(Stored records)
== == ==

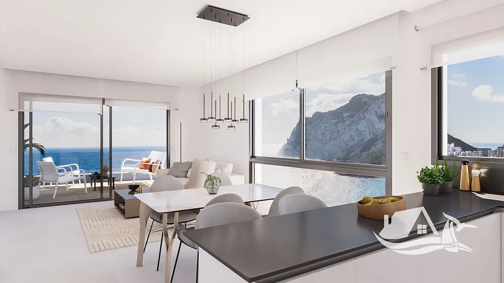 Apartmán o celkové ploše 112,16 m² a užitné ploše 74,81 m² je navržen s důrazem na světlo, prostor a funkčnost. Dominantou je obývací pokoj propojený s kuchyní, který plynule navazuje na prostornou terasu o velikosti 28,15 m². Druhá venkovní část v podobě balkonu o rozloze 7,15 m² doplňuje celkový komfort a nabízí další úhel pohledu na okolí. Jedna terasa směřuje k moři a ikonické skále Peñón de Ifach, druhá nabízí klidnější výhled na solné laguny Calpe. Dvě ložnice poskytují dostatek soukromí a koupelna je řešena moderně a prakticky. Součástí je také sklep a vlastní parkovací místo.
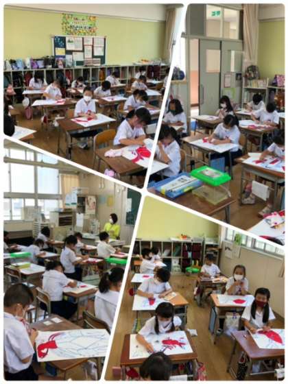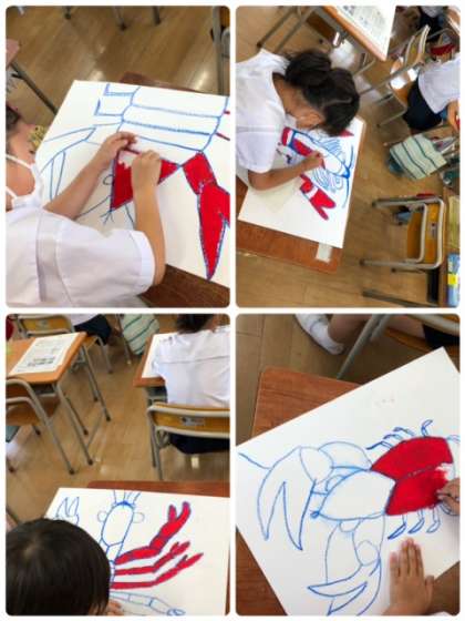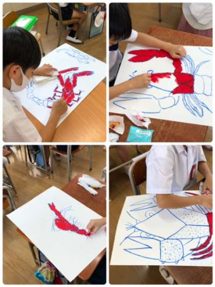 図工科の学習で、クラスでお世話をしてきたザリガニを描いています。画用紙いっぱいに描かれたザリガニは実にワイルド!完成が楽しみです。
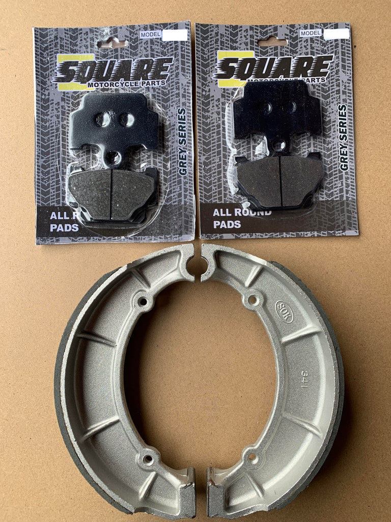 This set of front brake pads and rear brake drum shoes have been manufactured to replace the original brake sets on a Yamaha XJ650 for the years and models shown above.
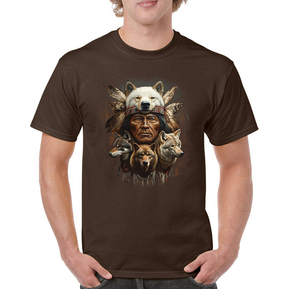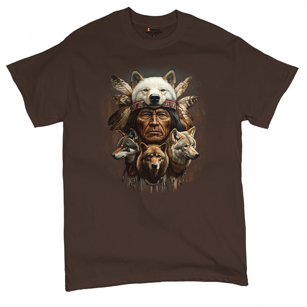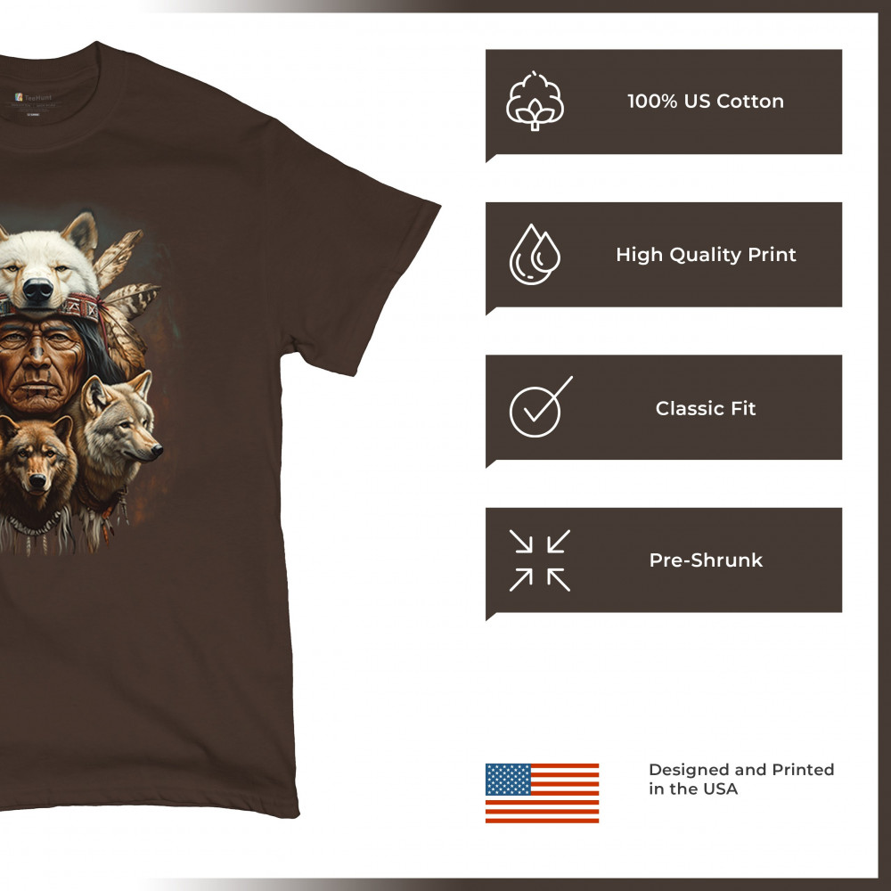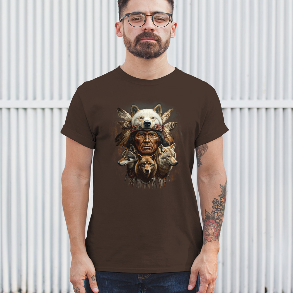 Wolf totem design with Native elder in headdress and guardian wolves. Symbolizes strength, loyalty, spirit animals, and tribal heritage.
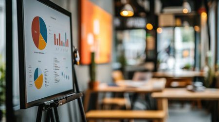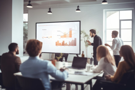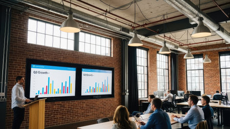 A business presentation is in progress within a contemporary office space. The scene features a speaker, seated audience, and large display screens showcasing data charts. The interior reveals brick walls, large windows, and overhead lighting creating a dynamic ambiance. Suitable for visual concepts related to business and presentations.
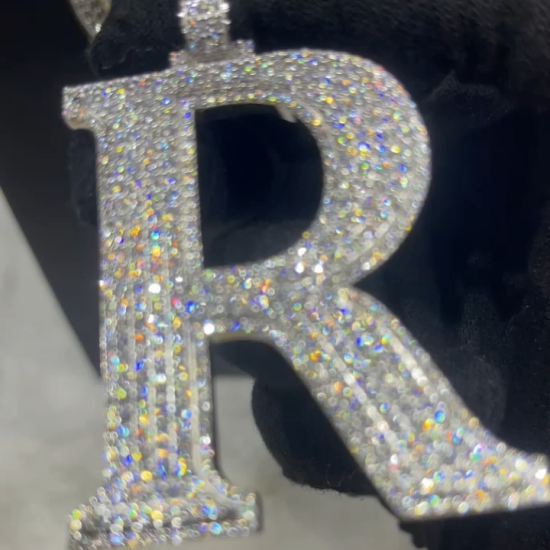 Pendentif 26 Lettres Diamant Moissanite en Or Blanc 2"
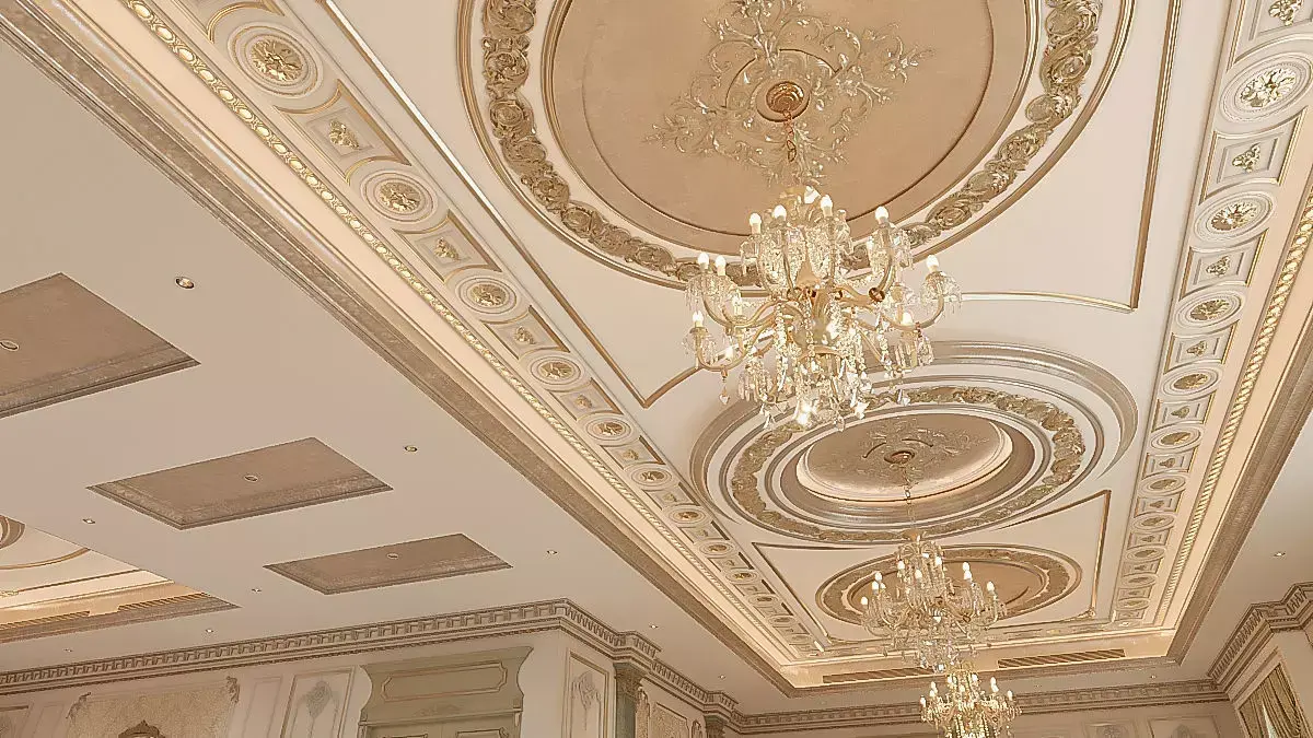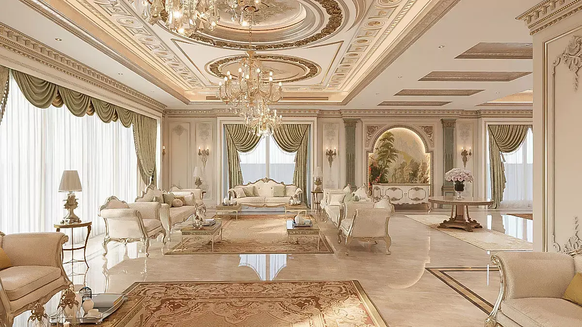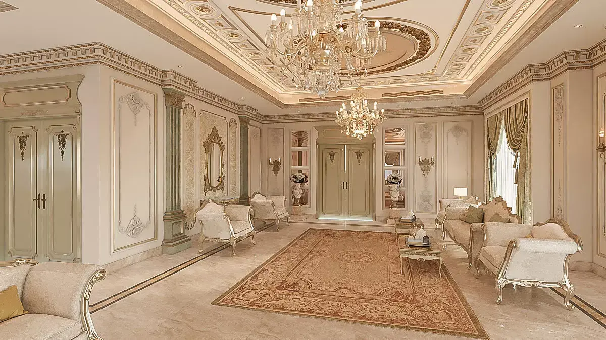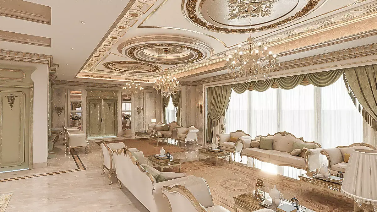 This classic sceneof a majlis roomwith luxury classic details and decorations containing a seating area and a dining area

== == ==

What is needed> Each line from the one containing "Pendentif 26 Lettres" through the last line above should be retyped exactly, and no other line. Any picture is to be left out.

Answer for the task>
 Pendentif 26 Lettres Diamant Moissanite en Or Blanc 2"
 This classic sceneof a majlis roomwith luxury classic details and decorations containing a seating area and a dining area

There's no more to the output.